Thursday, April 29, 2004

What Aaron McGruder Means to Me

Perhaps if you have read much of my online journal you have read about Aaron McGruder before.
"Oh yeah," you are thinking, "He's the one who compared Condoleeza Rice to Darth Vader." Yes, that's true, and he also is the one who shouted at Michael Graham that he didn't care about the Asian kid.
Aaron McGruder writes the daily comicstrip The Boondocks, and he is my hero.
In last week's issue of The New Yorker there is a profile of Aaron McGruder, featuring a picture wherein he wears a simple white scarf with a silkscreen of George W Bush in black. There is also the following hilarious anecdote:

McGruder attended the 138th birthday party of The Nation, a liberal magazine. He spoke during desert, following the speech of a democratic senator who congratulated the audience on standing up "to the tide of popular convention." McGruder stood up and told the audience that he had called Condoleeza Rice a mass-murder to her face. What had they done? Then, when he spoke unapologetically of supporting Ralph Nader and was cat-called, he grabbed his crotch and invited the cat-caller to, "Try these nuts." When asked by interviewer Ben McGrath for comment, he responded, "I ain't no punk. I ain't gonna let someone shout and not go back at him."

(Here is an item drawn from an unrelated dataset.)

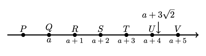 Como $3 \sqrt{2} \approx 4,24$, ou seja, $4<3 \sqrt{2}<5$ e a distância entre cada dois pontos consecutivos é 1 , então o ponto de abcissa $a+3 \sqrt{2}$ está situado entre os pontos $U$ e $V$ porque
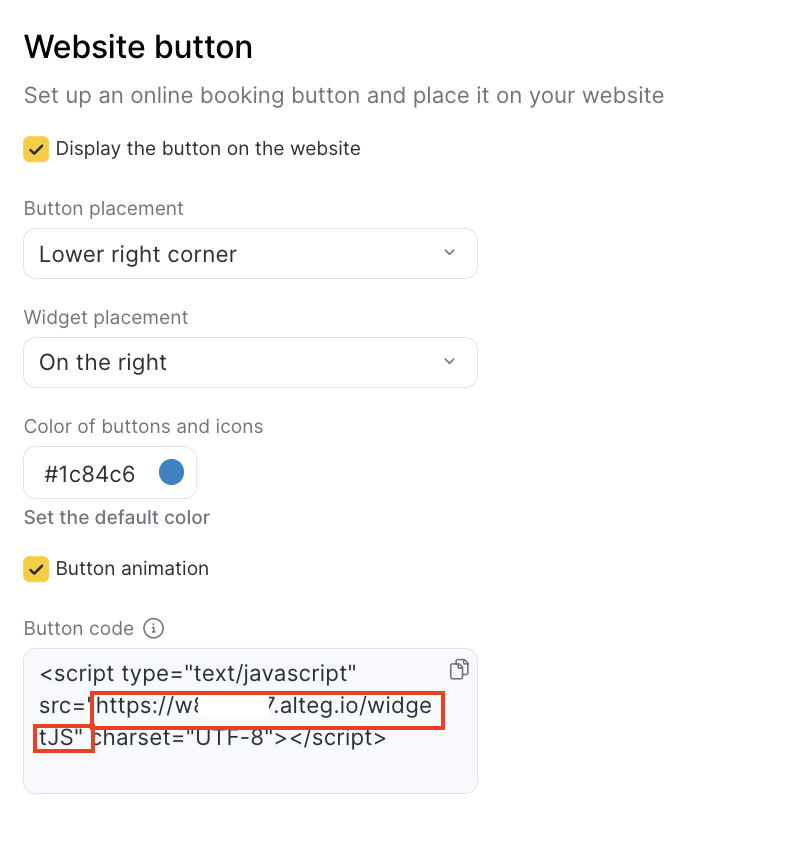 - Where CLASS is the value of the class field from the button code, and link from the Button code menu is the value from the Altegio online booking form (how to find this data is explained below).

Later in the article McGruder would be quoted as saying:
"I'm not the kind of guy who wants to spend my life being some kind of closet intellectual. I want to play Vice City. I just want to drive around and shoot innocent people. I'm all about video games."
"A lot of black people ain't up on Monty Python like they should be."
and best of all, "My point of view on that is very obvious: get off my dick, leave my shit alone."
It seemed clear, to me anyway, that The New Yorker was interested in portraying McGruder as arrogant and crude, but it only reinforced what my sister has called my "intense man-love" for him. He is insightful and plain spoken, and he is friends with Chris Rock.
Perhaps someday when Aaron Mcgruder and I are best friends, he and I will go hang out with Chris Rock, who will no doubt try out new material on us as we play Madden 2007. Perhaps he and Katie and I will play basketball, and I will have to warn him ahead of time that Katie will gush all over him and try to get in his pants. Perhaps I will make an appearance as Huey's cool self-hating white friend in The Boondocks.
All that is certain is that it will be sweet.